At a drug checkpoint, our entire van is emptied out. Larger vehicles inevitably attract more suspicion. The soldiers empty our bags. It all feels pro forma, but still—of a climate, of a piece, setting a tone. As we drive away, I glance back and notice that another soldier, this one standing on a truck, had his machine gun trained on us the whole time.

There are no flashy clubs in Mexicali, no zebra burros, no drink specials. You couldn’t find a smoking frog to save your life. You can get plastic bags full of chopped cactus or cigarettes for cheap. The closest thing to a Spanglish shot glass is the sound track at a club called SlowTime, where a woman’s voice moans over and over again: “Oh, you fucking me makes me bilingual.”

The light is harsher in this city, everything dustier. The hotels advertise rates for four hours instead of one. I don’t know what this means, but it seems to mark an important difference in civic culture.

Chinatown is alive and well aboveground. Restaurants serve bean curd with salsa and shark-fin tacos. I eat lunch at Dragón de Oro, whose parking lot runs up against the border itself, a thick brown fence about twenty feet high. The stucco homes and baseball diamonds of Calexico are barely visible through the slats.

We are fifty strong, we
encuentro
-goers. There’s Oscar, a poet who tells me his vision of Heidegger over chilaquiles one morning, and Kelly, a simultaneous interpreter who is writing a Spanish glossary of erotic language. There’s Marco, another poet, who walks across the border to buy a new pair of Converse in Calexico. Marco informs me that he abandoned his “lyric self” about a year ago, once his city grew so violent he got scared to leave his house. He needs a new poetry these days. He’s interested in repurposing in general and Flarf in particular—an experimental poetic practice that involves sorting and distilling the vast innards of the Internet, whittling by way of search term, juxtaposing odd results, often to the point of absurdity, hilarity. Marco believes in hilarity. Marco teaches college students. His life sounds a lot like mine until it absolutely doesn’t. The night before coming to Mexicali, he stayed up till one thirty to finish grading a batch of papers, then decided to reward himself the next morning by hitting the snooze button. Fair enough. As it turned out, a grenade explosion woke him anyway, two minutes later, followed by a volley of machine-gun fire. “Like a conversation,” he says, “one voice and then the response.” He says it wasn’t anything unusual.

I meet the founder of something called the Shandy Conspiracy. Every time he sees me, he asks if I’m ready to be Shandyized. All I know about this process is that it will involve subtlety and darkness. He puts out a magazine (the epicenter of his conspiracy) whose masthead features a lion attacking a zebra. Instead of blood, the zebra’s neck issues jets of rainbow fluid. It’s Darwin on acid. I catch myself looking at all the artwork here in terms of sociopolitical fractals: How can I see the narco war contained in every illustrated zebra?
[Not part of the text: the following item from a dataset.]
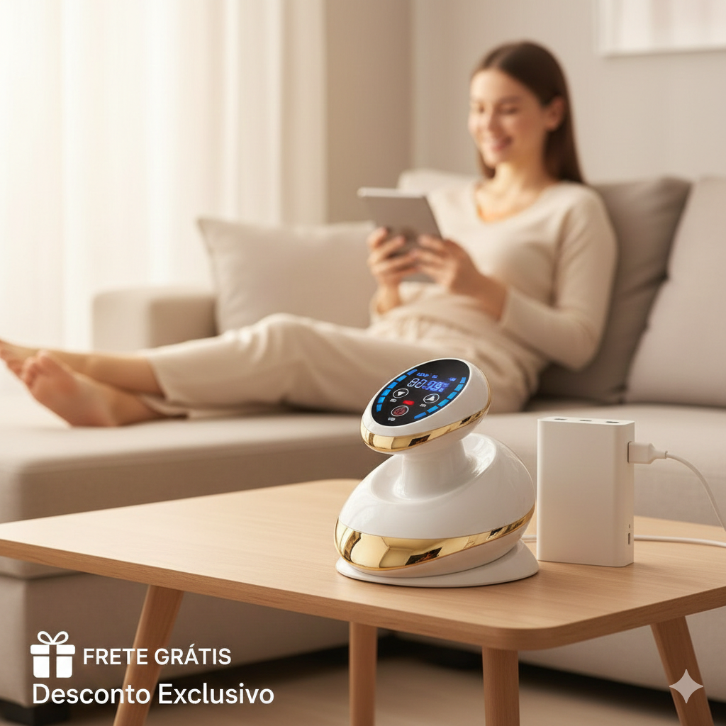O Sculpt Premium não é um massageador comum; é uma estação de tratamento corporal completa. Ele combina a milenar técnica Gua Sha com a moderna terapia de ventosaterapia elétrica para "sugar" as impurezas e ativar a circulação estagnada. Se você sofre com retenção de líquido, pernas pesadas ou aquela gordurinha insistente no abdômen, este dispositivo utiliza pressão negativa e calor infravermelho para quebrar as células de gordura e liberar o fluxo linfático, devolvendo a leveza e a definição ao seu corpo em minutos.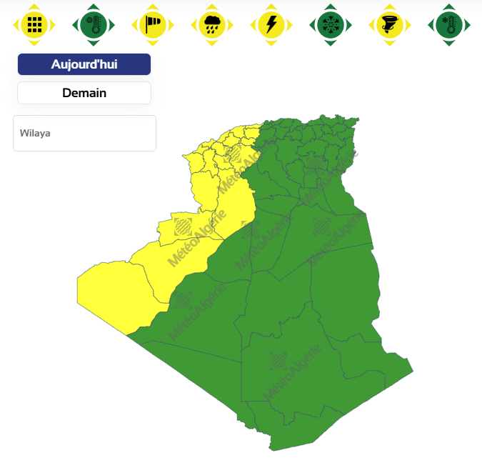 وحسب تنبيه للديوان الوطني للأرصاد الجوية من المستوى الأول باللون الأصفر على خريطة اليقظة، فإن الولايات المعنية بنشاط الخلايا الرعدية والأمطار بداية من التاسعة صباحا من اليوم السبت لغاية الساعة السادسة صباحا من يوم غد الأحد هي: تيبازة، الشلف، عين الدفلى، مستغانم، تيسمسيلت، غيليزان، تيارت، معسكر، وهران، سعيدة، سيدي بلعباس، تلمسان، عين تموشنت، النعامة، البيض، بشار، بني عباس وتيندوف.

It’s a strange feeling, watching quirk spew from the jaws of war—like a guttural cry, flayed and searing, this absurd fountain of rainbow blood. I bend everything according to the gravity of conflict.

More accurately put, I bend what I can understand. There’s so much that eludes me. In a crowd of bilingual writers, my Spanish is embarrassing, and this embarrassment starts to shade into a deeper sense of political and national shame. I’m afraid to talk about the current landscape of the narco wars because I’m afraid of getting something wrong. Americans are known for getting things wrong when it comes to conflicts in other countries. So I listen. I gradually get a sense of the terrain. The Sinaloa Cartel controls much of the Western Seaboard—where most of the weed is grown, and a frontier mythos maintains the drug dealer as outlaw—while the Gulf Cartel operates along the Gulf, trafficking coke and Central American illegals called
pollos
, peasants whom they either smuggle or extort.

Reading about the drug wars is like untangling a web of intricate double negatives. One cartel pays a prison warden to set prisoners free at night so they can act as assassins targeting the key players in another cartel, then the targeted cartel captures a police officer and tortures him until he admits to this corruption. They tape and broadcast his confession. The authorities step in, the warden is removed, the prisoners riot to bring her back; the reporters who cover the riots are kidnapped by the rivals of the cartel that released the videotape of the tortured officer. They counter-release their own videotapes of other tortured men confessing to other corruptions.

Got it?

Tracking the particulars is like listening to a horrific kind of witty banter in a language built for others’ mouths, finding yourself participating in a conversation in which you have no ability to speak. “Conversation” means something new in this place: a flood of words I can’t understand, the call-and-response patter of semi-automatics I’ve never heard.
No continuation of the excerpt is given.